AIM OF THE TASK
Please return the listing below word for word, minus its pictures.

GIVEN MATERIAL

BEGIN

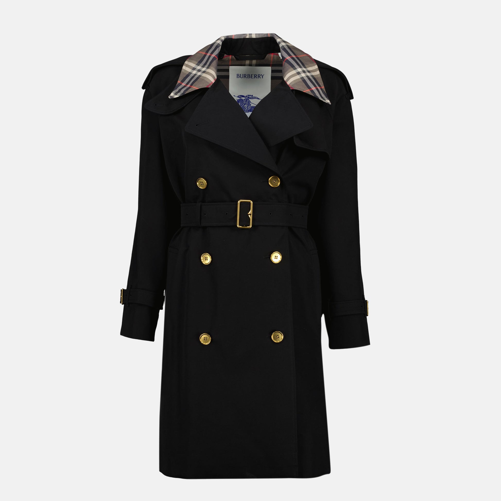 The black Castleford mid-length trench coat from Burberry is a women's garment from the Autumn-Winter 2025 collection. It is crafted from cotton and viscose with a classic collar and elegant details.
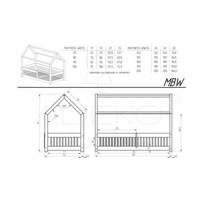 - 80x190 cm, de tip casă, cu somieră, din lemn de pin, finisaj suprafață: netratat/finisaj suprafață: șlefuit, în culoare naturală
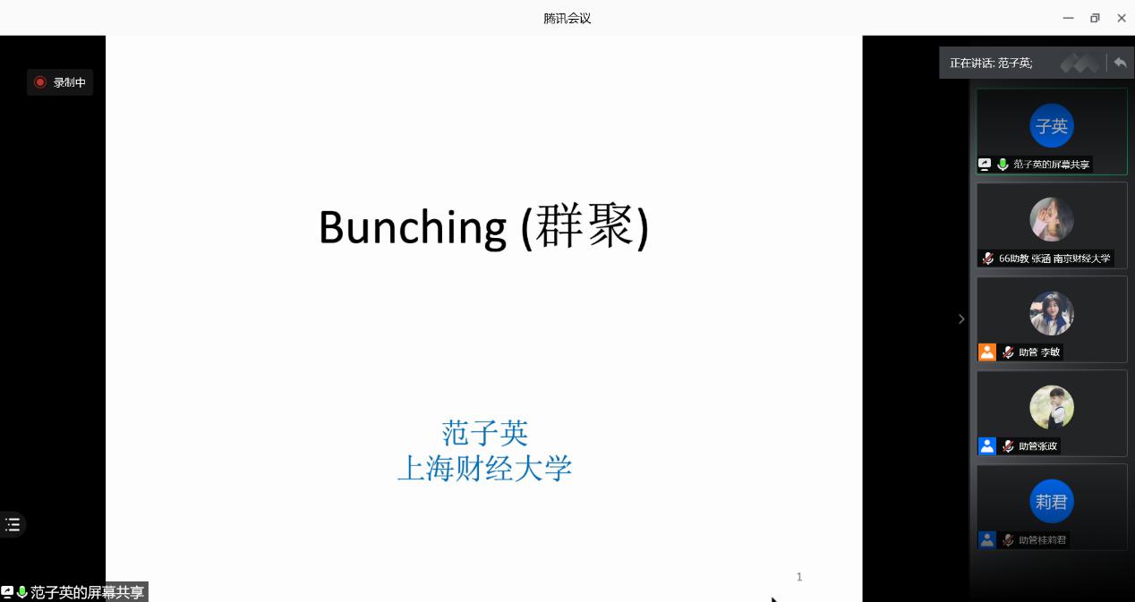 8月19日上午,上海财经大学范子英教授为暑期学校的学员们作了题为“Bunching方法的原理及其应用”的专题讲座。讲座由qmh官网崔向阳教授主持,暑期学校全体成员及我校部分青年教师参与了此次讲座。
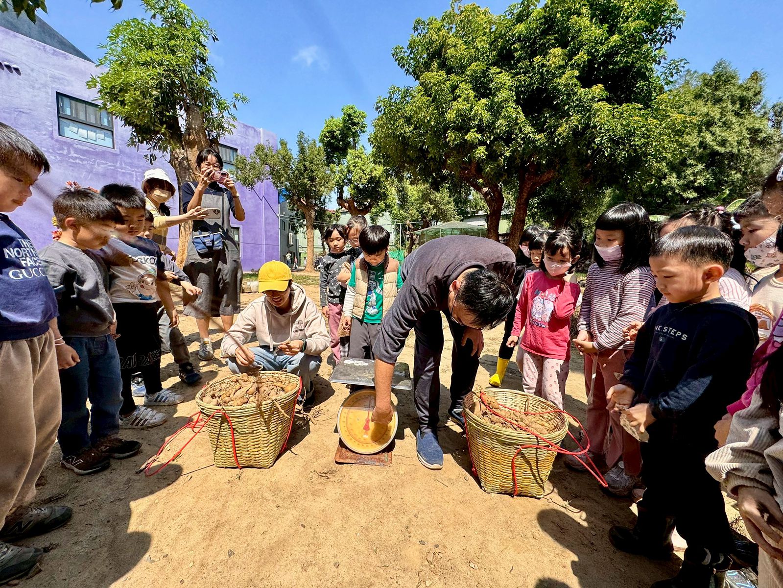 而完成採收之後,這些地瓜會先進行晾置,等到下週要烘窯前,再進行挑選、清洗與包裹,這也成為大家下一週最期待的重頭戲。山羌班幼生陳冠辰說:「我挖到很多可愛的地瓜,看起來就很好吃。」梅花鹿班賴星葶說:「挖地瓜要小心,才不會把地瓜挖受傷。」山羌班陳亮云老師說:「今天山羌班的孩子們都準備好要來挖地瓜了,我們在工作開始前,先仔細聽挖地瓜的方法,需要從地面上的葉子跟莖來判斷地底下地瓜的位置,因為地瓜都藏在有一點深的地方,所以需要不斷的往下挖,大家在挖的過程中,雖然花了很多時間,但在找到地瓜的時候,也能看到班上孩子們開心的笑容,大家一起把好多地瓜挖出來,下週就能來烤地瓜囉!」梅花鹿班蘇家誼老師說:「經過一學期的醞釀,上學期整理好的地瓜田終於迎來採收的日子!每每經過地瓜田,梅花鹿寶貝們總是好奇地問:「裡面到底有沒有地瓜?怎麼都看不到?」經過幾個月的除草與灌溉,終於到了答案揭曉的時間,寶貝們對於挖地瓜任務躍躍欲試,每次的觀察、挖掘都隱藏著驚喜線索,發現地瓜的藏身之處便耐心替地瓜撥土見日,避免地瓜受傷斷裂。經過大家的努力,收獲的地瓜連同寶貝的喜悅逐漸滿出籃子,最後居然能挖出14公斤的地瓜,寶貝們開心極了。這次的「尋根」任務在充滿期待的氛圍中劃下逗號,寶貝們已經開始期待下次的烤地瓜任務囉!」

END

REPLY TO THE EXERCISE
 The black Castleford mid-length trench coat from Burberry is a women's garment from the Autumn-Winter 2025 collection. It is crafted from cotton and viscose with a classic collar and elegant details.
 - 80x190 cm, de tip casă, cu somieră, din lemn de pin, finisaj suprafață: netratat/finisaj suprafață: șlefuit, în culoare naturală
 8月19日上午,上海财经大学范子英教授为暑期学校的学员们作了题为“Bunching方法的原理及其应用”的专题讲座。讲座由qmh官网崔向阳教授主持,暑期学校全体成员及我校部分青年教师参与了此次讲座。
 而完成採收之後,這些地瓜會先進行晾置,等到下週要烘窯前,再進行挑選、清洗與包裹,這也成為大家下一週最期待的重頭戲。山羌班幼生陳冠辰說:「我挖到很多可愛的地瓜,看起來就很好吃。」梅花鹿班賴星葶說:「挖地瓜要小心,才不會把地瓜挖受傷。」山羌班陳亮云老師說:「今天山羌班的孩子們都準備好要來挖地瓜了,我們在工作開始前,先仔細聽挖地瓜的方法,需要從地面上的葉子跟莖來判斷地底下地瓜的位置,因為地瓜都藏在有一點深的地方,所以需要不斷的往下挖,大家在挖的過程中,雖然花了很多時間,但在找到地瓜的時候,也能看到班上孩子們開心的笑容,大家一起把好多地瓜挖出來,下週就能來烤地瓜囉!」梅花鹿班蘇家誼老師說:「經過一學期的醞釀,上學期整理好的地瓜田終於迎來採收的日子!每每經過地瓜田,梅花鹿寶貝們總是好奇地問:「裡面到底有沒有地瓜?怎麼都看不到?」經過幾個月的除草與灌溉,終於到了答案揭曉的時間,寶貝們對於挖地瓜任務躍躍欲試,每次的觀察、挖掘都隱藏著驚喜線索,發現地瓜的藏身之處便耐心替地瓜撥土見日,避免地瓜受傷斷裂。經過大家的努力,收獲的地瓜連同寶貝的喜悅逐漸滿出籃子,最後居然能挖出14公斤的地瓜,寶貝們開心極了。這次的「尋根」任務在充滿期待的氛圍中劃下逗號,寶貝們已經開始期待下次的烤地瓜任務囉!」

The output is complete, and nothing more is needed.